Not pictured is my new desktop PC at home, a Core i-5 4670K, Asus Z87 Premiere or Dope or Awesome line motherboard, 32GB RAM, 1x256GB Samsung EVO SSD and some cheap $50 mini-tower case.

So yeah, I blew past he $700 limit, but only if you consider purchases made in 2012 and earlier, which really shouldn’t be counted. And much of this was funded via the generosity of friends and family vis a vis Christmas and birthday gift certificates.

Thank you everyone. You’ve only made it worse.

What have I learned from this experience? Building a home IT lab is not like the procurement processes you’re used to at pretty much any organized job you’ve ever been employed at. It basically involves you pestering vendors (or sucking up to them), nagging others for old parts, debasing yourself by dumpster diving for old, inferior gear, and generally just doing unsavory things.

But it’s all in pursuit of IT Excellence so it is justified.

So what have I got with this crazy stack? Well material is only one piece; sweat equity costs are very high as well. I’ve run about 17 Cat 5e cables of varying lengths through an attic that hasn’t seen this much human attention since the Nixon administration:

The mess on the left isn’t mine….entirely. I only claim the ones on the right

I spent three solid Saturdays (in between other chores)  navigating this awful, dusty attic and its counterpart in the garage above my server stack, all in pursuit of this:


And though the cable management out of frame is obscene and not suitable for a family-friendly blog like AC, I will say I’ve accomplished something important here.

Who else can say they’ve unified TV & Compute resources in such a singular stack in their home? All those goddamned ugly black power bricks are located in one corner of the garage, the only area suitable for such things. The only non-endpoint device in the living quarters of the house is the Netgear Nighthawk AC wifi router (DD-WRT, currently my gateway).

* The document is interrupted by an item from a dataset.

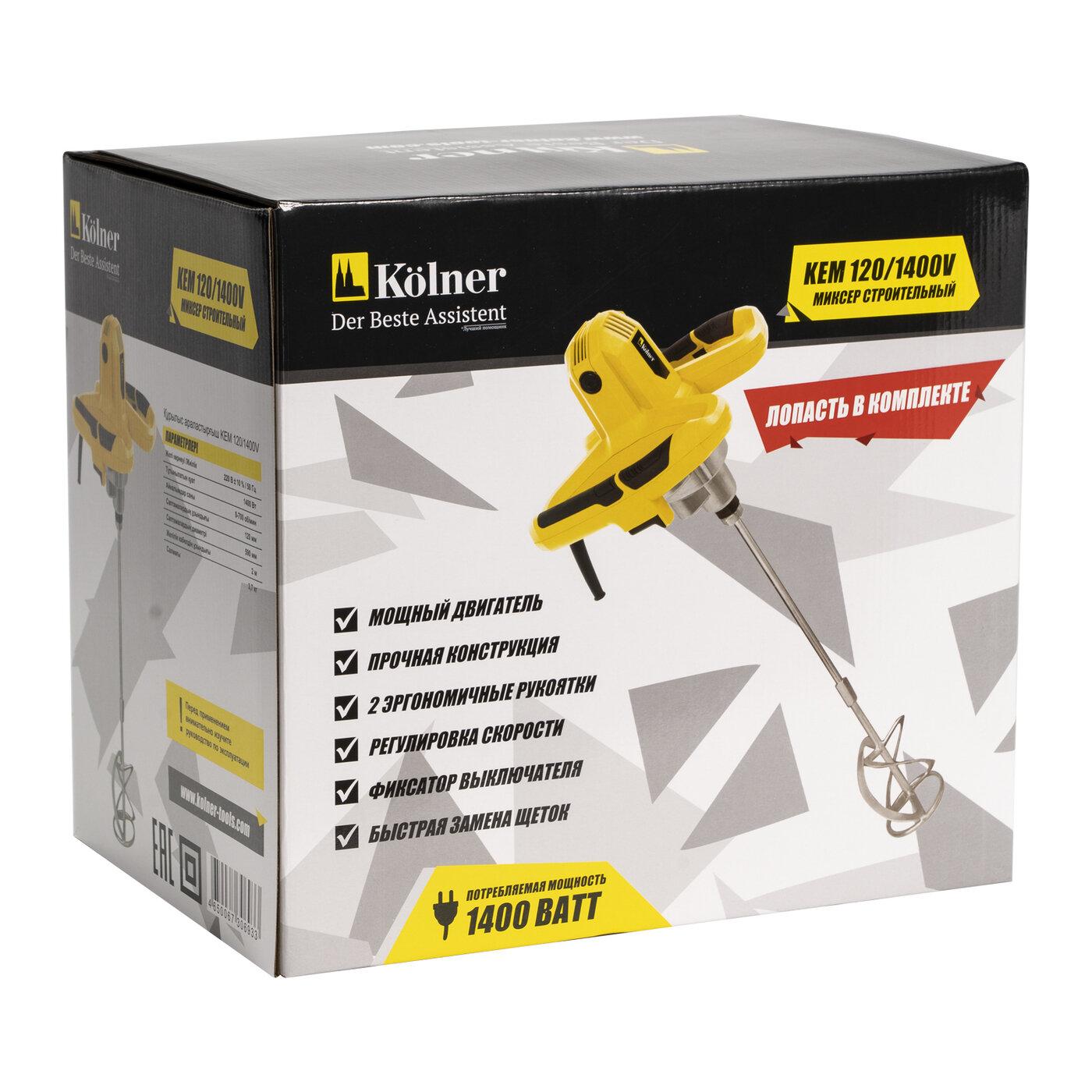 Строительный миксер Kolner KEM 120/1400V, 1400 Вт желтый/черный интересное:

Everything else in the living quarters -save for my computer which now has a nice 3x1GbE drop in the wall- is a simple endpoint device. Ethernet is my medium: data & Television are the payload, all from this one spot. Yes, even my wife can appreciate that.

And from an IT Lab perspective, I’ve got this:

  • Three compute nodes with a total of 10 cores
  • 50GB DDR3 minimum 1333mhz RAM
  • 2TB in the NetGear which runs some light iSCSI LUNs
  • 6TB in RAID 0 on the Frankencuda with 256GB SSD
  • 3Gb/s fabric-oriented networking to each node, LACP on the Cisco switch

So now the fun begins. Benchmarks are underway, followed by real workload simulation. I’ll update  you diligently as I try to break what I just built.